3.     “In the interest of justice”


This sounds a little bit like the Gilbert test.  This is sort of like an inter-court forum non conveniens.


Why do we haul everybody over to California when everybody’s already in Pennsylvania?


This is a soft test that allows the court a lot of discretion.  In a practical sense, what will happen with these litigants?


What do you argue if you’re Piper’s attorney?  You can say that “everything is in Pennsylvania”.  Is there inconvenience to the plaintiffs?  No, because they came all the way from Scotland!  In fact, Pennsylvania is closer than California.


Notice what’s happening here.  The defense is arguing to the judge in California that everything is in California, and then they argue to the Pennsylvania judge that everything is in Scotland.  They win both arguments!


Why in the world didn’t they argue to go to Scotland from the California court?  If California used its choice-of-law rules, both defendants might be subject to the same laws, and there wouldn’t be a forum non conveniens problem.

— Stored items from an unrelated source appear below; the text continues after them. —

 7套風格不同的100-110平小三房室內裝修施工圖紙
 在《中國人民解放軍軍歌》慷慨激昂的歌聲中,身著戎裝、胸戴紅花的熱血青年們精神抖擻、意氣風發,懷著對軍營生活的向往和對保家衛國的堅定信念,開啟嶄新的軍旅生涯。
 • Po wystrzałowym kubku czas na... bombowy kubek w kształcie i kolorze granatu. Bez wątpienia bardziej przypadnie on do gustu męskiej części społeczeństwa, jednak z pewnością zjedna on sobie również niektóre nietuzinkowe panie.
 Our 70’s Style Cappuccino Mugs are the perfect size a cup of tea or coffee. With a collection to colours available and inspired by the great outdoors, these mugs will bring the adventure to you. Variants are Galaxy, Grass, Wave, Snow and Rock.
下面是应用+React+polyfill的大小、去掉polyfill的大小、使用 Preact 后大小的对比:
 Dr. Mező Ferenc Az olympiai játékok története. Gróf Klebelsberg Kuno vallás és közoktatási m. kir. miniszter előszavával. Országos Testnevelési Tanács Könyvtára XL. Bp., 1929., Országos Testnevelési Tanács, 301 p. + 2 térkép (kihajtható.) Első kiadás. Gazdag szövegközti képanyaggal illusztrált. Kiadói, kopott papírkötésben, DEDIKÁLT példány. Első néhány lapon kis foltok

Could the state court in California dismiss for forum non conveniens straight to Scotland?


Another statute that was mentioned was 28 U.S.C. § 1406.  Basically, this says that if you mess up and file in the wrong venue, they can just transfer it over rather than dismiss the claim.

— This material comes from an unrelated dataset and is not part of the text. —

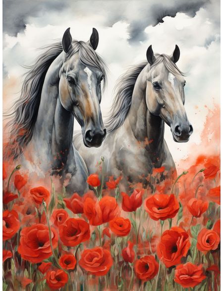 Алмазная мозаика на подрамнике «Лошади» 90x70 см, 50 цветов
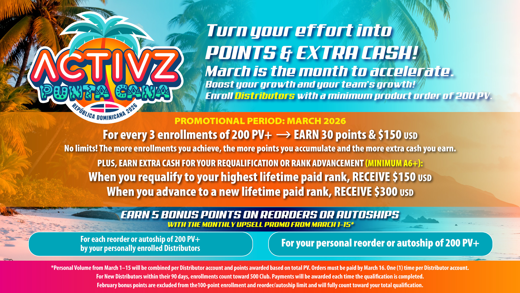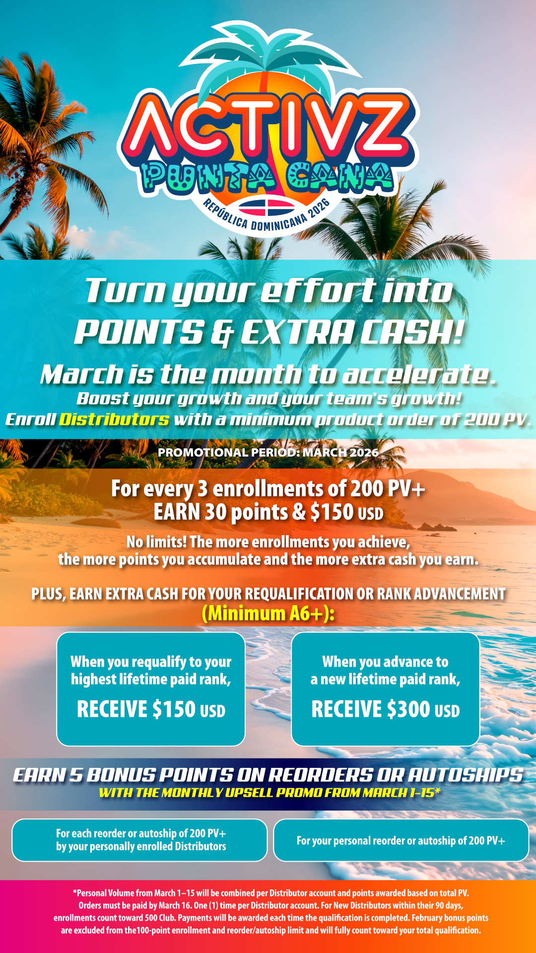 1. Enroll New Distributors or Preferred Customers with a minimum of 100 PV+

Also, under 28 U.S.C. § 1631, you can transfer for want of jurisdiction.


What does Piper mean?


Everything we have done in the course up to now can be trumped by a forum non conveniens motion.  You can say: I have power, there is proper notice, Due Process is satisfied.  However, I’m not going to try this case.  Courts have the power to do this.


It’s sort of like saying now that we’ve balanced everything, let’s balance again with an even mushier standard.


Remember Asahi?


This gave us a splintered opinion that confuses us about whether to apply stream of commerce or stream of commerce plus.  Asahi is a bad personal jurisdiction case, but it’s a good forum non conveniens case.


This case is “served up” to the Court as a personal jurisdiction case, but really it should have been a forum non conveniens case.  Independent of personal jurisdiction, there’s no reason this should be happening here.  Everything important is in Asia!


It’s time to turn a corner and say goodbye to our friends in personal jurisdiction.  We’ve addressed the question: Does any court in a state have power to hear a given case?


We’re now going to take up a new question: Which court, state or federal, has the power to hear this case?